While the company's investments are heavily weighted in just a few stocks, it holds equity stakes in dozens of businesses. The specialty home improvement retailer Floor & Decor (FND 2.66%) is one of them. Berkshire Hathaway's nearly 4.8 million-share position is worth just shy of $500 million.

This raises the following question: Is Floor & Decor stock a buy for growth investors? Let's inspect the retailer's fundamentals and valuation to render a verdict. 

Holding up in a tough environment

If you are particular with your hard-surface flooring preferences and have ever shopped at Home Depot or Lowe's, you may have found that their product selection didn't meet your needs. After all, they dedicate just two or three aisles to hard-surface flooring. With thousands of hard-surface flooring options for customers to choose from throughout their stores, this is where Floor & Decor derives an economic moat that attracted Berkshire Hathaway to the stock.

Metric Q2 2022 Q2 2023
Total store/design studio count 179 208
Comparable-store sales growth rate 9.2% (6%)
Net margin 7.5% 6.3%

Data source: Floor & Decor.

Floor & Decor's net sales edged 4.2% higher year over year to $1.1 billion in its fiscal second quarter concluded June 29. What was behind this more modest top-line growth rate?

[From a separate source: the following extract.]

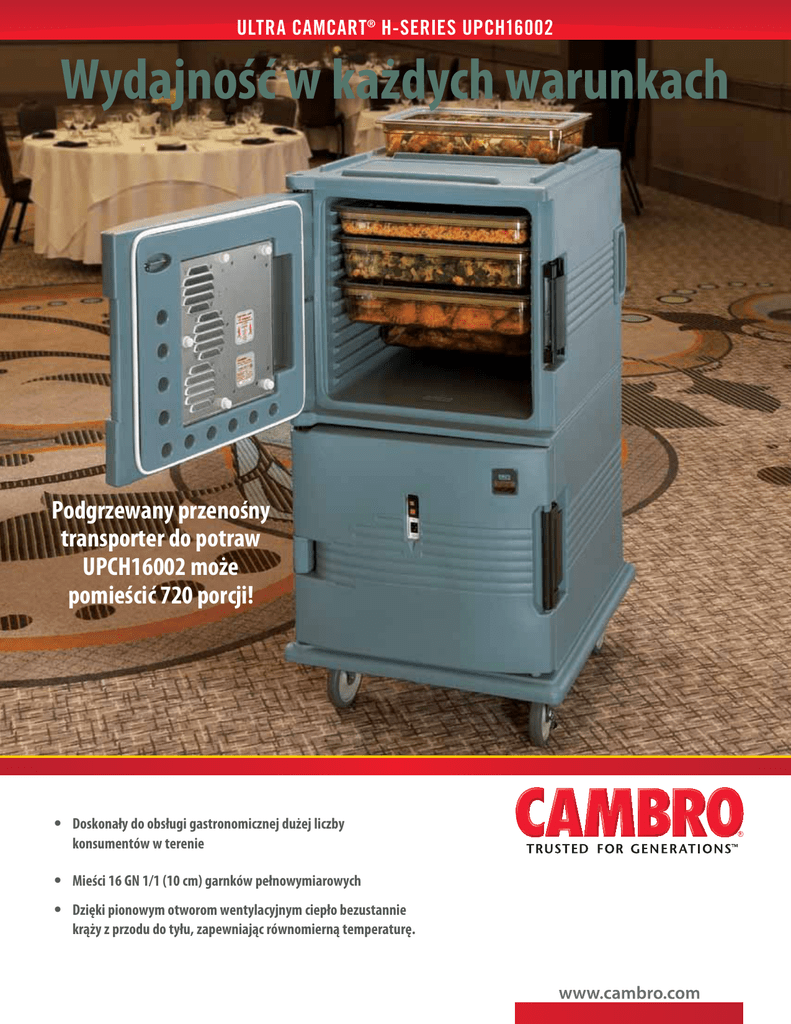 ULTRA CAMCART® H-SERIES UPCH16002 Wydajność w każdych warunkach Podgrzewany przenośny transporter do potraw UPCH16002 może pomieścić 720 porcji! • D oskonały do obsługi gastronomicznej dużej liczby konsumentów w terenie • Mieści 16 GN 1/1 (10 cm) garnków pełnowymiarowych • D zięki pionowym otworom wentylacyjnym ciepło bezustannie krąży z przodu do tyłu, zapewniając równomierną temperaturę. Seria UPCH : Wydajność bez ustępstw K iedy potrzebna jest szafka na potrawy i przenośny izolowany transporter, nie ma potrzeby, aby iść na ustępstwa. Seria izotermicznych transporterów UPCH oferuje niezrównaną trwałość i wydajność. Bez względu na to, ile osób trzeba nakarmić i bez względu na temperaturę otoczenia, któryś model UPCH przekroczy twoje oczekiwania. • Łagodne nie promieniujące ciepło 65˚–74˚C nie gotuje potraw i utrzymuje ich wilgotność. • Pozwala przechowywać różne rodzaje potraw, jak makarony, smażone kurczaki i kruche ciasta z nadzieniem. • Czas podgrzewania od temperatury pokojowej 45 minut. Energy Star Wszystkie modele UPCH mają zatwierdzony znak Energy Star, to znaczy że maksymalnie wykorzystują energię. Wskaźniki zasilania i ogrzewania Wskaźniki UPCH1600(2) informują o stanie zasilania i podgrzewania. Od razu widać, gdy temperatura wewnątrz osiągnie żądaną wartość. • Przywrócenie temperatur po otwarciu i zamknięciu drzwiczek trwa trzy minuty. •Zużycie energii znacznie mniejsze niż w podobnych szafkach metalowych. • Modele z podgrzewanymi tylko górnymi drzwiczkami mają tę zaletę, że szafka górna utrzymuje wysoką temperaturę, podczas gdy dolna jest izolowana i biernie utrzymuje ciepłe lub zimne potrawy. Pionowe żaluzje Dzięki pionowym otworom wentylacyjnym ciepło bezustannie krąży z przodu do tyłu, zapewniając równomierną temperaturę we wnętrzu. • Zestawy drzwiczek podgrzewanych również sprzedawane oddzielnie do zastosowania w UPC400, UPC800 i UPC1600. Odporna powierzchnia zewnętrzna Wszystkie modele UPCH są wykonane z twardego polietylenu, z poliuretanową pianką izolacyjną, która utrzymuje gorąco wewnątrz, gdy zewnętrzna powierzchnia jest chłodna w dotyku. Zastosowania UPCH16002: Duże imprezy Sytuacje, gdy trzeba często otwierać i zamykać drzwiczki Miejsca wymagające trwałości Klienci domagający się stale takiej samej wydajności Klient poszukujący trwałej i niezawodnej alternatywy dla drogich szafek metalowych Izolacja Izolacja z wolnej od freonu, spienianej miejscowo pianki poliuretanowej utrzymuje temperaturę powyżej 65°C przez ponad cztery godziny po odłączeniu zasilania. Modele UPCH4002 i UPCH8002 mają wbudowane termometry, które łatwo można wyjąć i umyć. UPCH16j002 ma termometr wewnętrzny, pokazujący temperaturę we wnętrzu szafki. Top Loaders 2 x 4 in 3 x 2 1/2 in 1 x 6 in Wyłącznik pozwala dowolnie włączać i wyłączać urządzenie bez odłączania kabla zasilania. Front Loaders Wykaz pojemności serii UPCH 1 x 8 in Nadlewane zderzaki zapewniają dodatkową ochronę. 4 x 2 1/2 in 3 x 4 in 2 x 6 in cm in 6 x 26,51/2 4 x410incm cm 3 x 615in 1 x 8 in & 1 x 2 1/2 in Front Loaders ŁADOWANE Z PRZODU UPCH400 UPCH4002 UPCH800 (x2) UPCH8002 (x2) UPCH1600 (x4) UPCH16002 (x4) (na szafkę) (na szafkę) 2 x 820incm (na szafkę) (na szafkę) Liczba porcji w garnkach Garnek GN 1/1 Głębokość: Pojemność Serving Portions Per Pan: (240 mL) 20 cm 25,6 L 80 9/1 15 cm 19,5 L 60 6/1 4/1 10 cm 13 L 40 3/1 6,5 cm 8,5 L 30 2/1 gnol 2/1 lluf Ultra Camcart® serii H MODELE Specyfikacje elektryczne Napięcie zasilania Prąd maks. Moc Częstotliwość Rodzaj wtyczki Odmienne rodzaje wtyków i złączy (dla określonych krajów) Długość sznura zasilania UPCH400 / UPCH800 MODELE 110V UPCH4002 / UPCH8002 MODELE 220V UPCH1600 MODELE 110V UPCH16002 MODELE 220V 100 - 120 V 2,0 A 230 W 50/60 NeMa 5-15P C15 / C16 200 - 230 V 1,2 A 265 W 50/60 wtyczka Euro , CEE7 C15 / C16 2,7m 2,7m 100 - 125 V 4,6 A 529 W 50/60 5-15P na C15RA JIS8303 na C15RA (Japonia) 2,7m 200 - 230 V 2,3 A 506 W 50/60 CEE7/7 na C15RA BS1363 na C15RA (Wielka Brytania, Irlandia i inne) 2,7m UTRZYMANIE CIEPŁA NAGRZEWANIE (Od temp. otoczenia do wysokiej) PODGRZEWANIE* (Powrót do wysokiej temp. po otwarciu drzwi na 30 sekund) CZAS TRANSPORTU* (Czas po nagrzaniu, gdy szafkę można wyłączyć aż wystygnie do 65˚C) 65˚C - 74˚C od 24,4°C do 65°C w 45 min. 3 Minuty ponad 4 godziny Utrzymanie ciepła bez dopływu prądu UPCH16002 87,8˚C 82,8˚C 81,7˚C Temperatura początkowa 1 godz. 2 godz. 80˚C 3 godz. 78,9˚C 4 godz. *Na podstawie testu sześciu pojemników H 15,2 cm w pokrywami GripLids®, napełnionymi ok. 14,2 lwody o temperaturze 87,7˚C. (Jest to temperatura wody, a nie powietrza w wózku). KOD OPIS WYMIARY SZER. x GŁ. x WYS. WYMIARY WNĘTRZA SZER. x GŁ. x WYS. UPCH400 UPCH4002 UPCH800 UPCH8002 UPCH1600 UPCH16002 UPCHT1600 UPCHT16002 UPCHTD1600* UPCHTD16002* UPCHBD1600* UPCHBD16002* UPCHTR1600 UPCHTR16002 Podgrzewany termos Ultra do pojemników, 110 V Podgrzewany termos Ultra do pojemników, 220 V Podgrzewany Ultra Camcart, 110 V Podgrzewany Ultra Camcart, 220 V Podgrzewany Ultra Camcart, 110 V Podgrzewany Ultra Camcart, 220 V Ultra Camcart z podgrzewaniem tylko górnych drzwiczek, 110 V Ultra Camcart z podgrzewaniem tylko górnych drzwiczek, 220 V Podgrzewane ulepszone drzwiczki zamienne do UPC1600, 110 V Podgrzewane ulepszone drzwiczki zamienne do UPC1600, 220 V Podgrzewane ulepszone drzwiczki zamienne do UPC1600, 110 V Podgrzewane ulepszone drzwiczki zamienne do UPC1600, 220 V Podgrzewany Ultra Camcart, model zabezpieczony, 110V Podgrzewany Ultra Camcart, model zabezpieczony, 220V 46 x 67 x 63 cm 46 x 67 x 63 cm 52 x 69 x 137,2 cm 52 x 69 x 137,2 cm 73 x 84,7 x 137,5 cm 73 x 84,7 x 137,5 cm 73 x 84,7 x 137,5 cm 73 x 84,7 x 137,5 cm 66,8 x 10,8 x 53,3 cm 66,8 x 10,8 x 53,3 cm 66,8 x 10,8 x 53,7 cm 66,8 x 10,8 x 53,7 cm 73 x 84,7 x 137,5 cm 73 x 84,7 x 137,5 cm 33,5

Well, the federal funds rate has skyrocketed from between 1.5% and 1.75% at the end of Floor & Decor's year-ago period to between 5% and 5.25% to end the second quarter of its fiscal year 2023. Yet inflation is well above the Federal Reserve's target of 2%.

These two factors ate into the discretionary income of consumers and demand for the retailer's products. Fortunately, the company's steadily growing store footprint was able to more than offset its unfavorable comps for the quarter.

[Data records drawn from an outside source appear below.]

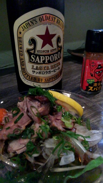 遅れてきた友人とサッポロ赤星で乾杯!!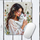 Alfombrilla De Ratón Woman and White Cat and Dandelions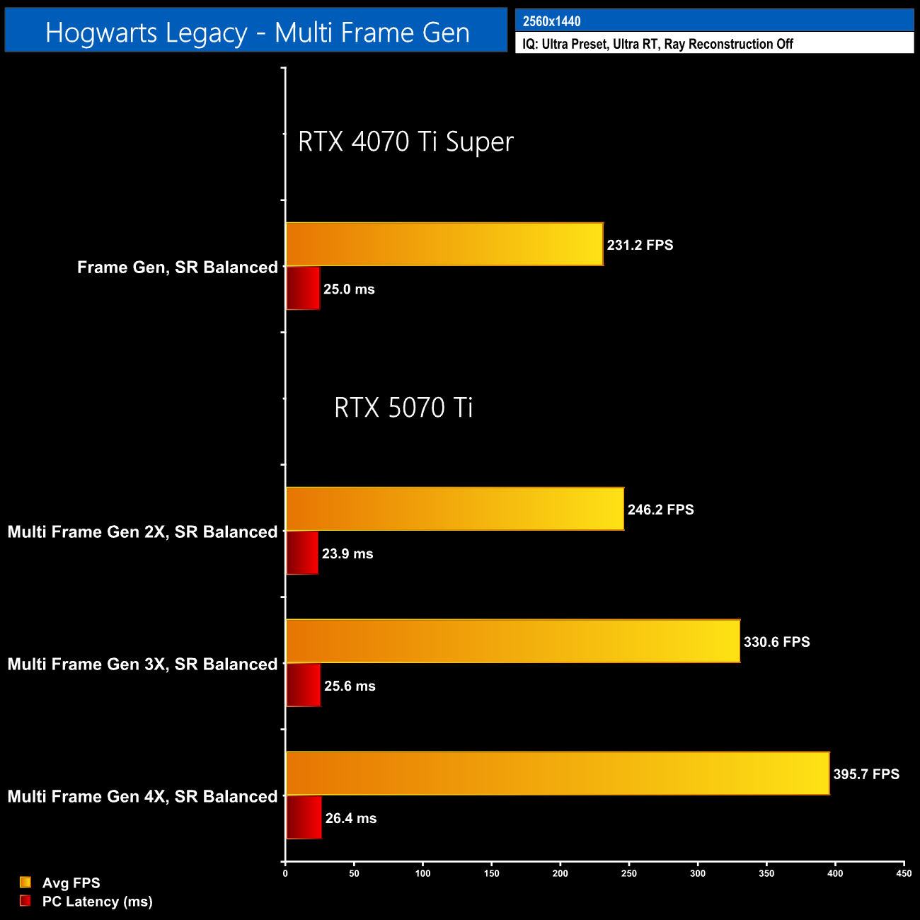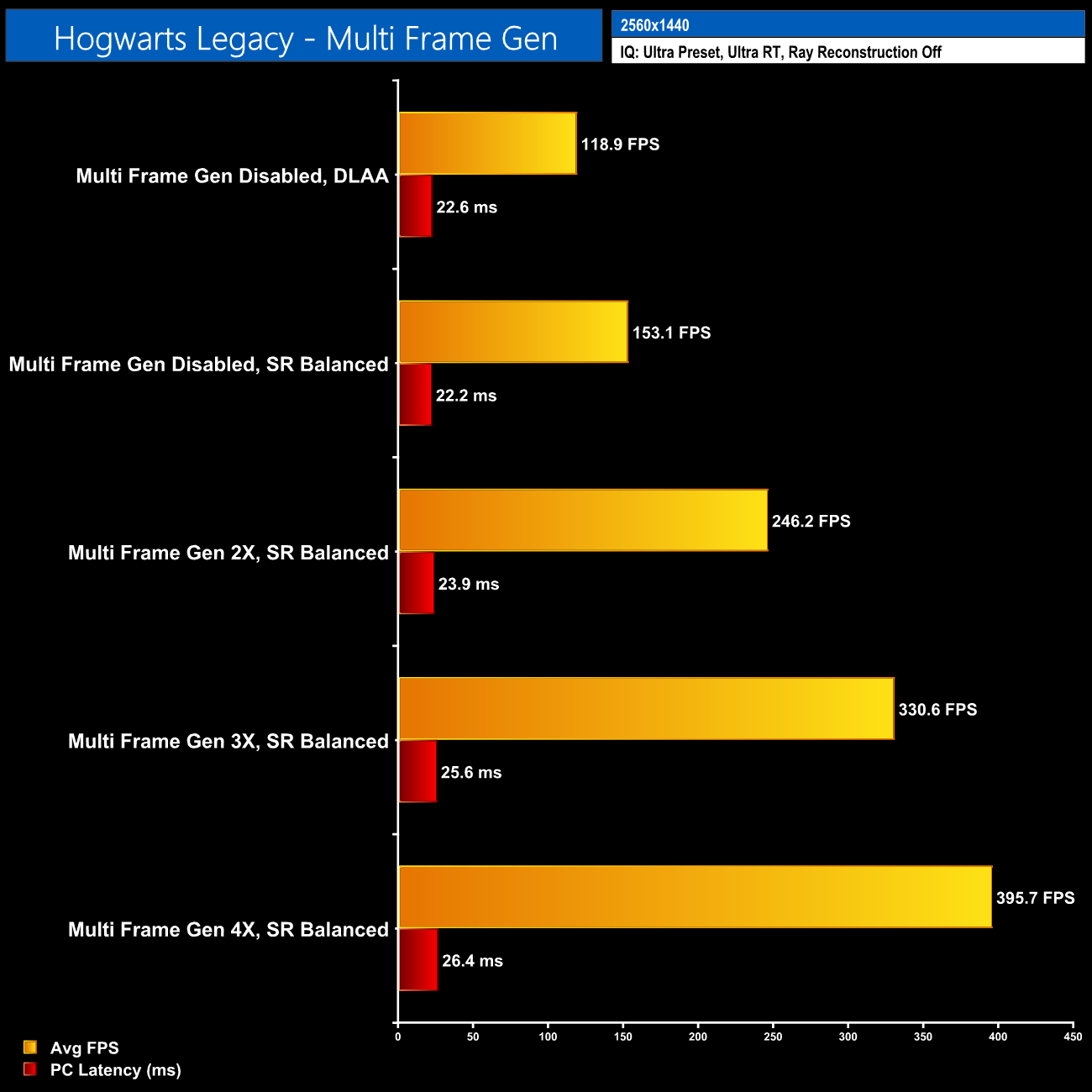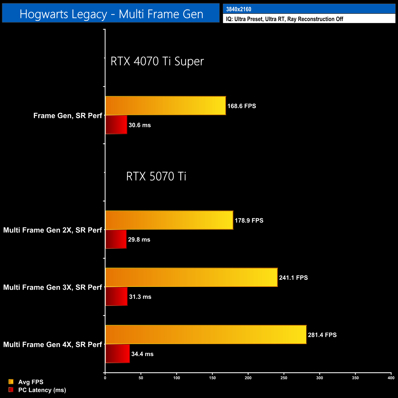 Of course, some games are easier to run than others, and Hogwarts Legacy is no problem to use at 4K with MFG, given the frame rate is already at 120fps when only using Super Resolution Performance mode – as such, the latency hit to MFG isn't so noticeable, topping out at 34ms, while frame rates hit 281fps on average.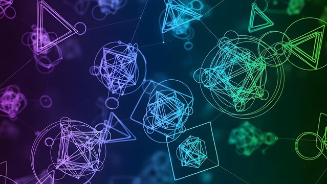 A dynamic digital background featuring glowing geometric shapes like cubes, triangles, and circles interconnected by thin neon lines on a dark gradient.

Floor & Decor's diluted earnings per share (EPS) fell by 13.2% year over year to $0.66 during the fiscal second quarter. This can be explained by operating expenses growing well ahead of net sales due to the company's much bigger store presence. That is what led to a 120-basis point contraction in Floor & Decor's net margin in the quarter. Thus, the retailer's diluted EPS declined for the quarter while its net sales grew. 

The macroeconomic environment will not be favorable to Floor & Decor for at least the next few quarters, which is why analysts expect diluted EPS to dip by 4.7% in 2023 from 2022.

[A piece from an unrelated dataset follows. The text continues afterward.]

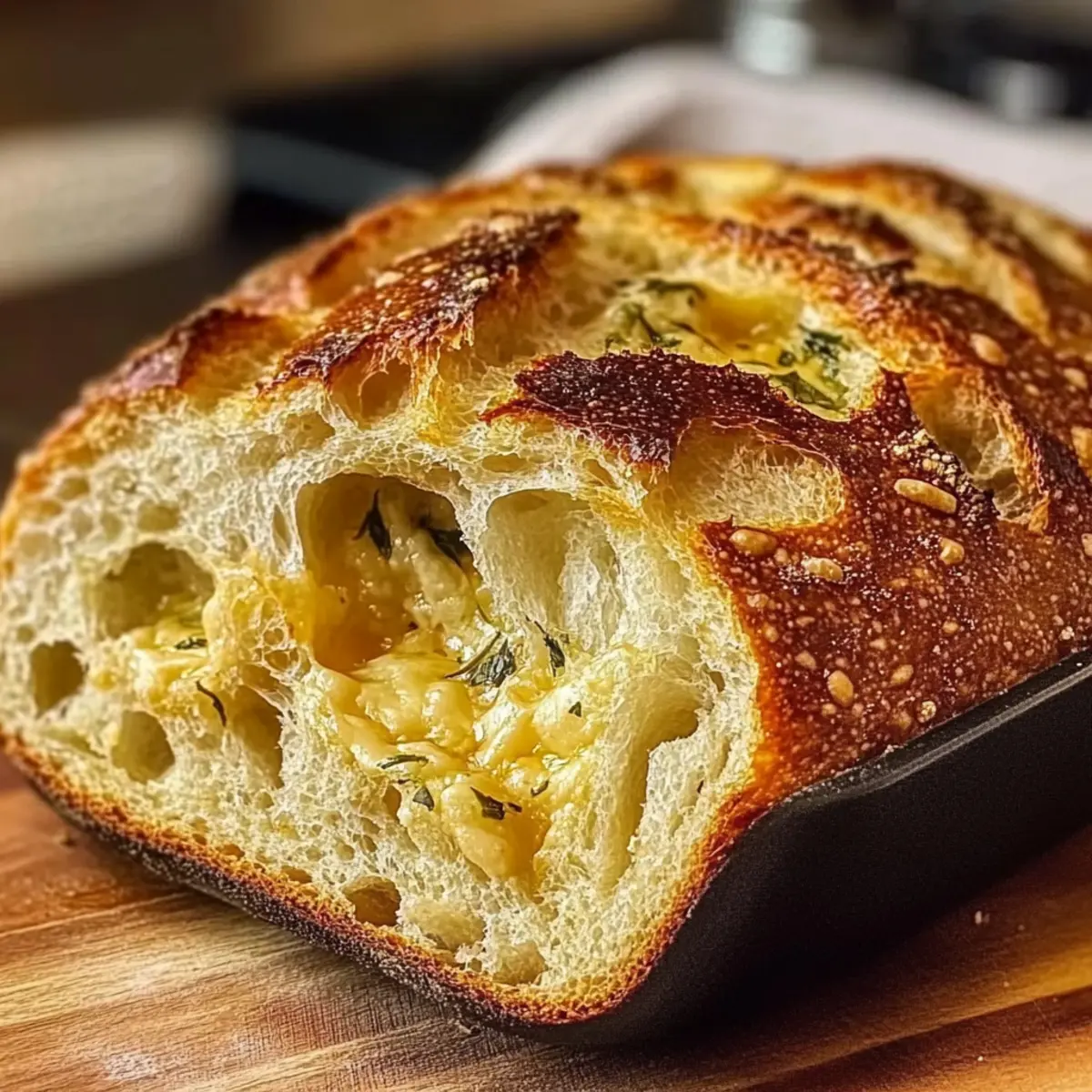Jump to Recipe Print RecipeThe moment those warm, herbal aromas waft through your kitchen, you know you’ve tapped into something extraordinary. This Italian Herb and Cheese Sourdough Bread isn’t just a loaf; it’s a journey into the heart of Italian culinary tradition, perfect for those who crave comforting, homemade goodness. With its gooey cheese melting into a beautifully fermented crust, every bite transforms your lunch or dinner into a delightful celebration. Plus, the best part? It’s surprisingly easy to prepare, making it an ideal recipe for both novice bakers and seasoned chefs alike. You’ll find that this herb-infused bread is not only a showstopper for gatherings but also a fantastic way to elevate any simple meal. Are you ready to put your baking skills to the test and fill your home with the irresistible scent of fresh bread? Why is this bread a must-try? Irresistible Aroma: The moment your oven puffs out fragrant wisps of warm herbs, you’ll understand the allure of this loaf. Easy to Master: Even if you’re a baking newbie, the process is straightforward, making it an approachable project for all skill levels. Versatile Delight: This bread shines on any table—serve it with soups, as part of a charcuterie board, or simply toasted with butter. Gourmet Flavor: The combination of cheese and Italian herbs brings delightful richness to every slice, elevating a simple meal into a feast. Crowd-Pleasing Appeal: Impress your guests with this artisanal bread, making it the talk of your next gathering. Try pairing it with our Sausage Egg Cheese for a delightful breakfast option! Italian Herb and Cheese Sourdough Bread Ingredients For the Dough • Sourdough Starter – Essential for fermentation; make sure it’s lively and active for the best results. • Water – Hydrates the flour and activates the starter; aim for room temperature for optimal mixing. • Bread Flour – Provides a chewy texture; while all-purpose flour works, bread flour truly gives structure. • Salt – Enhances flavor and builds gluten strength; essential for balancing the yeast activity. For the Add-ins • Cheese (e.g., mozzarella, cheddar) – Adds creaminess and flavor; feel free to adjust based on how cheesy you want your bread! • Italian Herbs (e.g., oregano, basil) – Infuses the bread with aromatic goodness; fresh herbs give a more vibrant taste. This Italian Herb and Cheese Sourdough Bread will become a beloved staple in your home! Step‑by‑Step Instructions for Italian Herb and Cheese Sourdough Bread Step 1: Mix Starter and Water In a large glass or ceramic bowl, combine your active sourdough starter with room temperature water, mixing well until fully blended. This creates a lively base for your Italian Herb and Cheese Sourdough Bread. Once combined, let it sit for a moment to loosen up before adding the flour and salt. Step 2: Incorporate Flour and Salt Add in the bread flour and salt, stirring until the mixture forms a shaggy dough. Use a wooden spoon or your hands to combine everything thoroughly. Once the ingredients are well blended, cover the bowl with a clean kitchen towel and allow it to rest for 1 hour. This autolyse step helps develop gluten for a better texture. Step 3: Stretch and Fold After the resting period, moisten your hands and perform 20 to 25 stretch and folds, creating a round ball of dough. Gently gather the edges toward the center while tucking and folding. Once folded, cover the dough again with the towel and let it rest for another 30 minutes to allow the gluten to relax. Step 4: Continue Stretching and Adding Ingredients Over the next 1 to 2 hours, perform several sets of stretch and folds every 15 to 30 minutes, gradually incorporating the cheese and herbs during the second or third set. The dough will become increasingly elastic and flavorful, infusing the Italian herbs and melted cheese throughout. Step 5: Bulk Fermentation Once you complete your stretch and fold sessions, let the dough bulk ferment at room temperature. Keep an eye on it for 4 to 6 hours, or until the dough has doubled in size and shows air bubbles forming, indicating it’s ready for shaping. Step 6: Shape the Dough Gently turn the dough onto a lightly floured surface and shape it into a round loaf. Carefully tuck the edges underneath to create surface tension. Place the shaped dough seam side up in a floured banneton to proof. Cover it with a towel and refrigerate for cold fermentation for 5 to 36 hours, if desired, enhancing the flavor. Step 7: Preheat the Oven About 30 minutes before you intend to bake, preheat your oven to 230°C (450°F) with a Dutch oven inside. This ensures that your Italian Herb and Cheese Sourdough Bread will develop a crispy crust in a hot, steamy environment. Step 8: Score and Bake Gently remove the dough from the banneton and place it onto a piece of parchment paper. Using a sharp knife or a bread lame, score the top of the dough to allow it to expand while baking. Carefully transfer it to the hot Dutch oven, covering it with the lid, and bake for 30 minutes. Step 9: Finish Baking After 30 minutes, lower the oven temperature to 210°C (410°F) and remove the lid to allow the crust to crisp up. Continue baking for an additional 10 to 15 minutes, or until the bread turns a deep golden brown and sounds hollow when tapped on the bottom. Step 10: Cool and Slice Once baked, remove the Italian Herb and Cheese Sourdough Bread from the Dutch oven and transfer it to a wire rack. Allow it to cool completely before slicing to maintain its tender crumb and crispy crust, ensuring the best flavor and texture possible. Expert Tips for Italian Herb and Cheese Sourdough Bread Active Starter: Make sure your sourdough starter is bubbly and active; this ensures a good rise and flavor for your bread. Poke Test: Use the “poke test” to check for readiness; the dough should spring back slowly, indicating it’s ready to bake. Cold Fermentation: Consider cold fermentation to en

But because the company remains far off its long-term store target of 500 stores, analysts think that diluted EPS will rise by 12.2% annually over the next five years. For perspective, that is much better than the home improvement retail industry average annual earnings growth prediction of 3.4%. 

A financial profile that can sustain growth

Floor & Decor's growth capabilities look promising. And the good news is that the company has the financial means to keep expanding.

Supporting this argument, it is projected that the retailer's net debt will come in at around $397 million in its fiscal year 2023. Measured up to the $578 million in earnings before interest, taxes, depreciation, and amortization (EBITDA), this works out to a debt-to-EBITDA ratio of 0.7-- less than its average of 0.8 in the past six years.

The stock is a compelling value

Floor & Decor has soared a staggering 50% so far in 2023. A rally of such magnitude would typically put most stocks firmly into overpriced territory. Surprisingly, the stock's forward price-to-earnings (P/E) ratio of 33.4 is not yet even double the home improvement retail industry average forward P/E ratio of 19.

Considering Floor & Decor's vastly superior growth prospects, this could lend credence to the idea that the stock is still a buy for growth investors.